Get the USA TODAY app Flying spiders explained Start the day smarter ☀️ Honor all requests?
NEWS
NASA

Voyager 1 finds unknown region at edge of solar system

Michael Winter, USA TODAY
Artist's concept shows Voyager 1 (top) and Voyager 2 spacecraft in a previously unknown region at the edge of interstellar space. Voyager 1, launched in 1977, could become the first human-made object to leave our solar system in the relatively near future.

The Voyager 1 spacecraft is traveling through a previously unknown region of deep space as it heads out of our solar system, which might happen soon, scientists reported Monday.
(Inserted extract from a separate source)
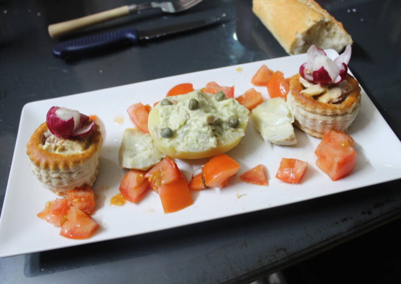 - Lavamos y troceamos a daditos el tomate, lo repartimos entre dos platos, lo sazonamos y añadimos a cada plato dos volovanes y media patata.

Voyager and its twin, Voyager 2, were launched in 1977 and will become the first man-made objects to exit our celestial neighborhood -- relatively soon.

"We don't know exactly how long it will take," Edward Stone, a project scientist, told reporters during a teleconference, Space.com reports. "It may take two months, it may take two years."

"We do believe this may be the very last layer between us and interstellar space," he said. "This region was not anticipated, was not predicted."

Both spacecraft, which continue to send data back to Earth, are in the heliosheath, the outermost layer of the heliosphere. That's where the force of interstellar cosmic ray particles slows the solar wind generated by the sun.

Scientists, meeting Monday in San Francisco, dubbed the new region a "magnetic highway," where charged particles from inside and outside the heliosphere flow out and in. NASA posted animations imagining what the Voyagers are experiencing, if the naked-to-the-eye ions could be seen.

The twin probes explored Jupiter, Saturn, Neptune and Uranus between 1979 and 1989.